Paul   14/09/2017 at 08:24

If Leeds wants to be considered a serious player in the Northern Powerhouse it needs to stop all this discussion and talk and get out and get something built. What has Leeds achieved - a couple of guided bus lanes. Manchester has a wonderful tram network and extending it, and even Sheffield has had a tram system for decades and now developing a light transit extension (albeit years late).

Jimbo   14/09/2017 at 10:11

I may be missing something here, but it sounds like this report was written by the people who have caused the problem - hardly an untainted view then. What they should do is find a similar city elsewhere who has implemented a successful approach, and copy it. The people who work for Leeds City Council do not know better than everyone else, so swallow your pride and get some results.
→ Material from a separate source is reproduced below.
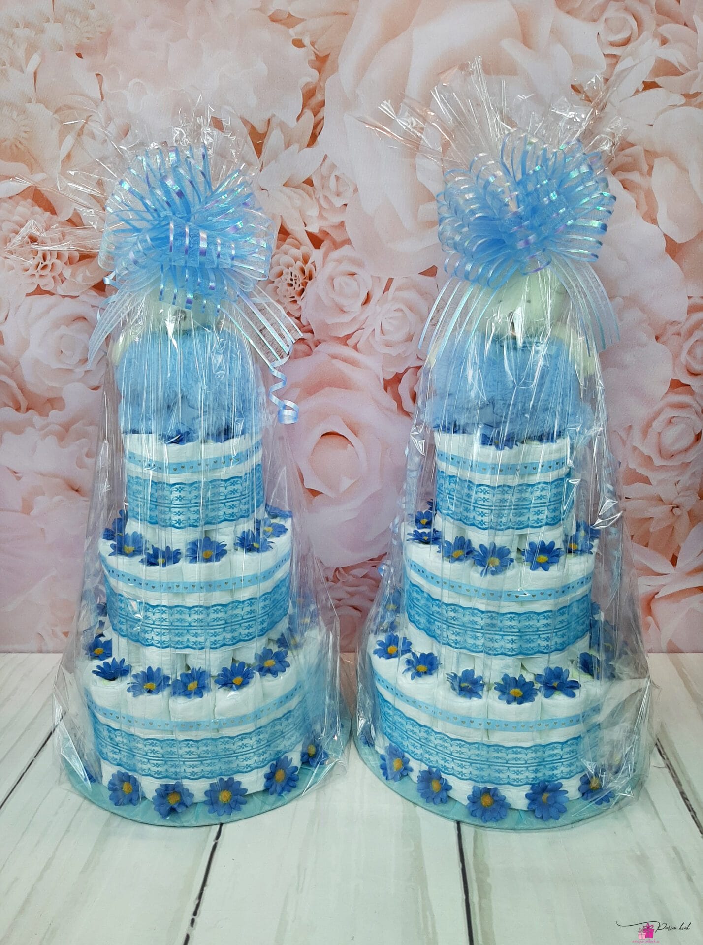 Mõlemad mähkmetordid on valmistatud 55-st mähkmest, pakitud tsellofaani ning kaunistatud suure rosetiga.

Barry   29/09/2017 at 11:22

It's infuriating that Leeds has terrible infrastructure and the council aren't vocal or organised enough to affect change. I guarantee the city will start haemorrhaging skilled people if they don't get a rapid transit system off the ground. As a software developer Manchester looks increasingly more attractive. Leeds must become a place where things happen, instead of a place where lessons are learned.